→ AIM OF THE TASK
Among the entries below, only the lines starting at the one with "36' (1:1) Милик" and ending at the one with "Décédée à Tonny (6680)", both included, are to be printed exactly.

━━ DATA FOR REVIEW

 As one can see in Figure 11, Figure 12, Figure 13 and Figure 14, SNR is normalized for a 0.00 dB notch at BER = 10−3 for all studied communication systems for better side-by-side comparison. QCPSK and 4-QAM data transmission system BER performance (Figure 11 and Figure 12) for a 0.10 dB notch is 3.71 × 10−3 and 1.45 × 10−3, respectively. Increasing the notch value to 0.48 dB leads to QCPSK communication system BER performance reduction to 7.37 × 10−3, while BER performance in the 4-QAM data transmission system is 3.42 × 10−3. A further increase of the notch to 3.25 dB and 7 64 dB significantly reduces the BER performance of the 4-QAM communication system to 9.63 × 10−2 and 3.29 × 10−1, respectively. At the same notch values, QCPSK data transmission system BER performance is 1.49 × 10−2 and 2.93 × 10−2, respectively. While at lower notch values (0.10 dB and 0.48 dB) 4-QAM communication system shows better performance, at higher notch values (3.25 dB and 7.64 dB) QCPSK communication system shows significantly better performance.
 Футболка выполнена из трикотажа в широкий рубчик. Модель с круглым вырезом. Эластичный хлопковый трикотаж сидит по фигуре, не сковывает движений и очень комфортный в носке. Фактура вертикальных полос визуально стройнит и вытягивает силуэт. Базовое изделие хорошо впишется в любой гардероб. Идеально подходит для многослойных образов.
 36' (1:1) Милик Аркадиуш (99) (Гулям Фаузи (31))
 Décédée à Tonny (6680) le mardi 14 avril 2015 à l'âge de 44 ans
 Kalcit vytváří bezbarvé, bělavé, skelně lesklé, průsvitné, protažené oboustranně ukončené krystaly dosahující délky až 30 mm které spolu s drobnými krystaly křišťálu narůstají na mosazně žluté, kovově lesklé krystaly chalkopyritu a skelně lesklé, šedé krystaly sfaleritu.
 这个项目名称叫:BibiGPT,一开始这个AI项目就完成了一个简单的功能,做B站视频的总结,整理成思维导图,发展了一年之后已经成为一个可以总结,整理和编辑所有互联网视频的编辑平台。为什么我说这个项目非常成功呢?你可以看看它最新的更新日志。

━━━━
━━ DATA FOR REVIEW

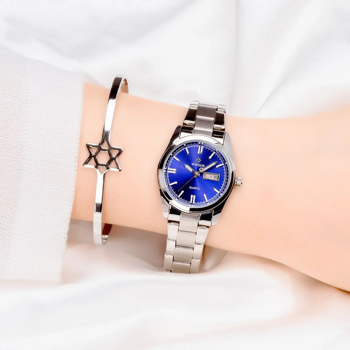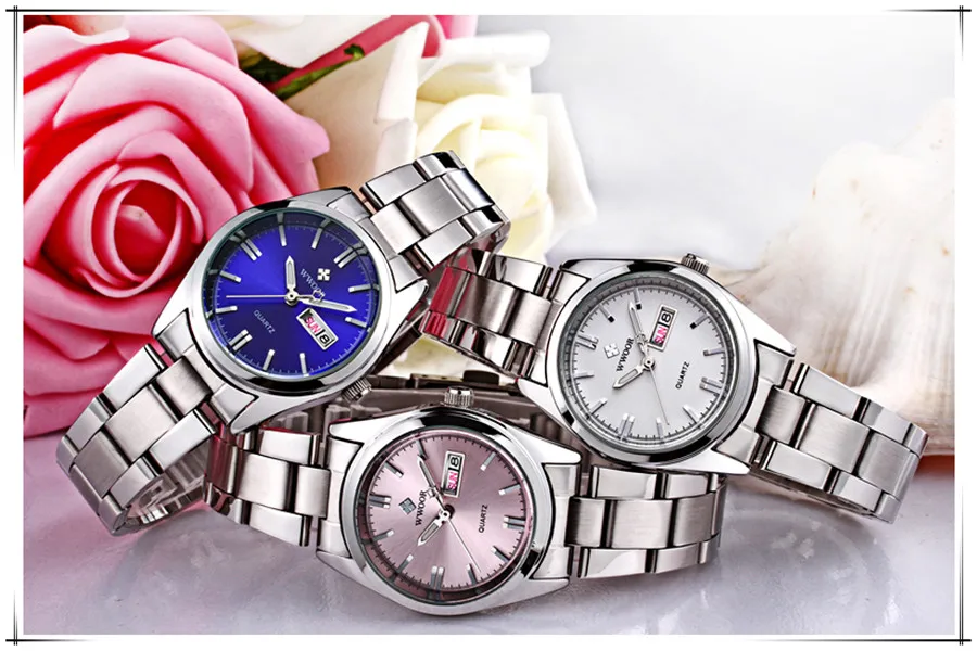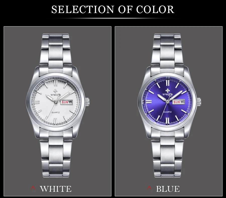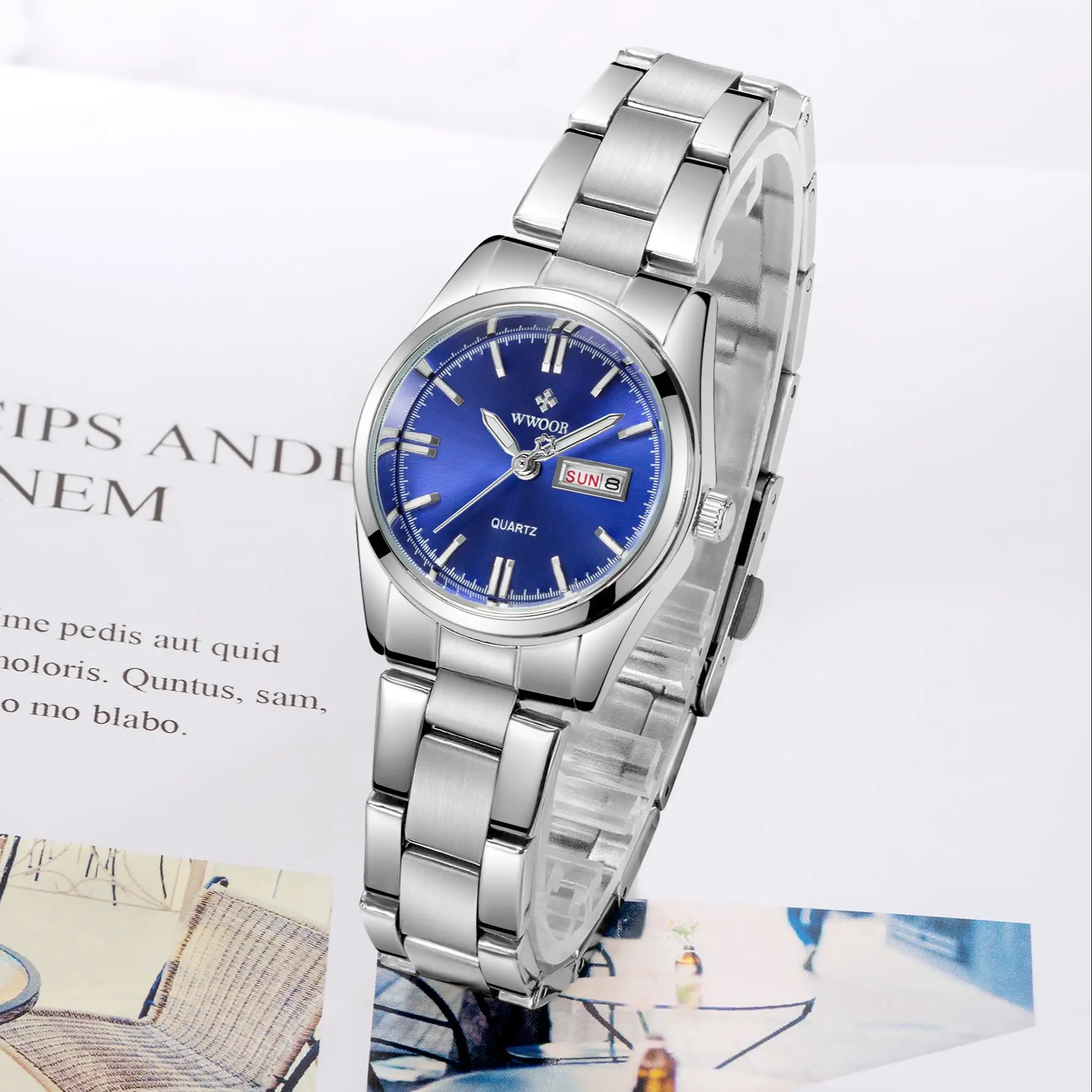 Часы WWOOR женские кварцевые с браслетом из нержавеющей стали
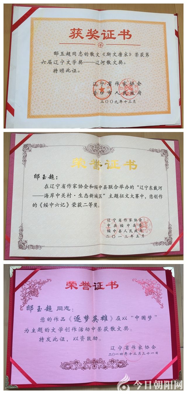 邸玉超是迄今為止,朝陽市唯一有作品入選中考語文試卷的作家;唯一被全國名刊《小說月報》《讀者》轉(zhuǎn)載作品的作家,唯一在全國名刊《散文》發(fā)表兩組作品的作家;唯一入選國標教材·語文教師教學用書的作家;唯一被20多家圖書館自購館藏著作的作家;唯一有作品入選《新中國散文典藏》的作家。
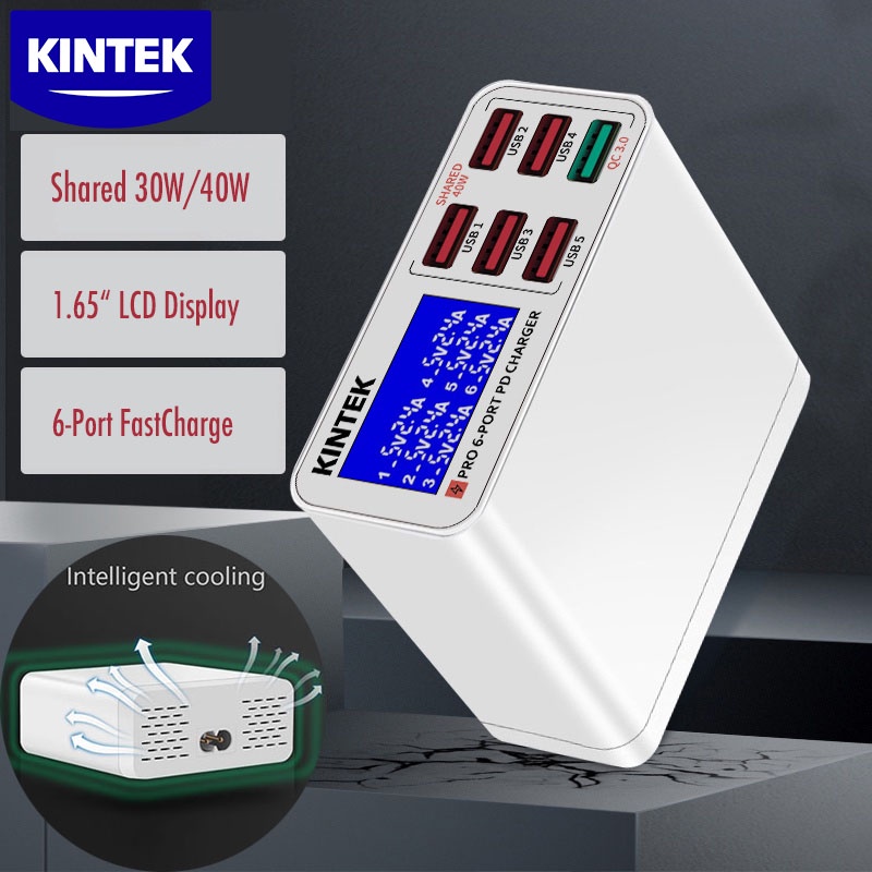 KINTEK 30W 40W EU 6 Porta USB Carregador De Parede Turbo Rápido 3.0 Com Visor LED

━━━━
━━ DATA FOR REVIEW

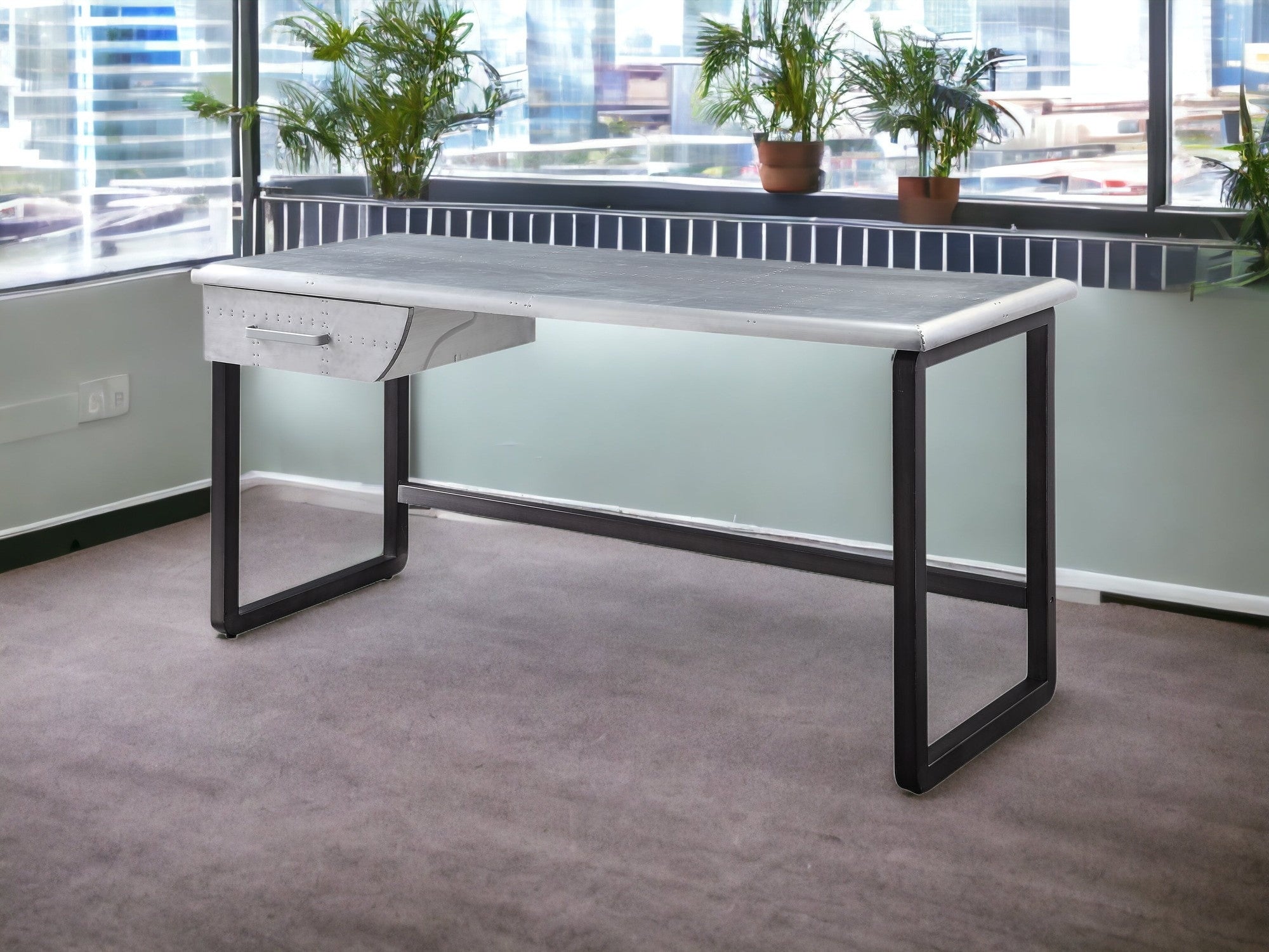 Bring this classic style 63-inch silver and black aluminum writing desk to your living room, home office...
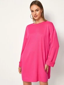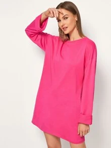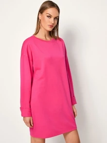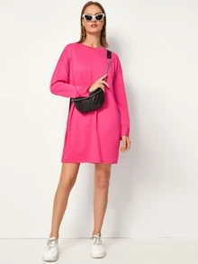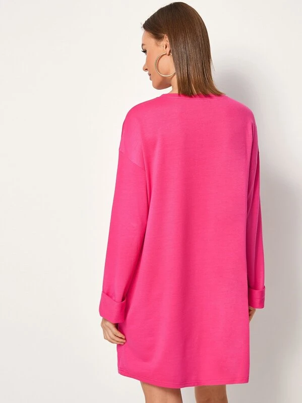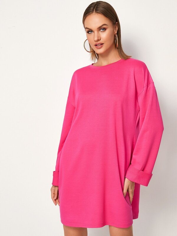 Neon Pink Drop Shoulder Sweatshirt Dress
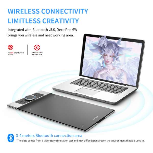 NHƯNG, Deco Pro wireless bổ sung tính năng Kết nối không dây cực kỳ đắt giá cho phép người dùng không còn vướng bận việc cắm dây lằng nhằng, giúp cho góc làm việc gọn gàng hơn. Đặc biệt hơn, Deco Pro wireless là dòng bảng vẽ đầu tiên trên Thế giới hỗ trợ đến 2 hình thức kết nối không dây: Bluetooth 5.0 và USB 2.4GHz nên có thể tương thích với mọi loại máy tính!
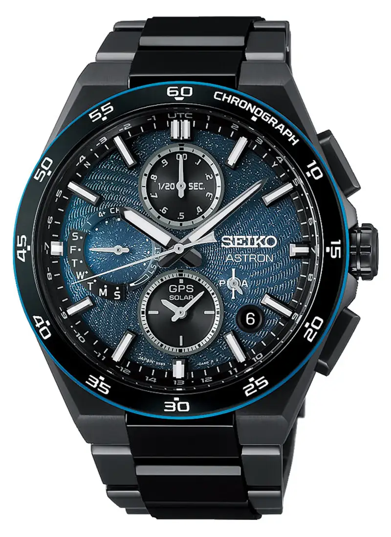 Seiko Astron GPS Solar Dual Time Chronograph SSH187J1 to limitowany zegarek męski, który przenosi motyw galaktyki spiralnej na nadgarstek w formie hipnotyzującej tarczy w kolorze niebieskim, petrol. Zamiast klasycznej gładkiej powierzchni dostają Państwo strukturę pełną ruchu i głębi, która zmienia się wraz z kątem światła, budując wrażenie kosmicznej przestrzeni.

━━━━

→ WRITTEN SOLUTION
 36' (1:1) Милик Аркадиуш (99) (Гулям Фаузи (31))
 Décédée à Tonny (6680) le mardi 14 avril 2015 à l'âge de 44 ans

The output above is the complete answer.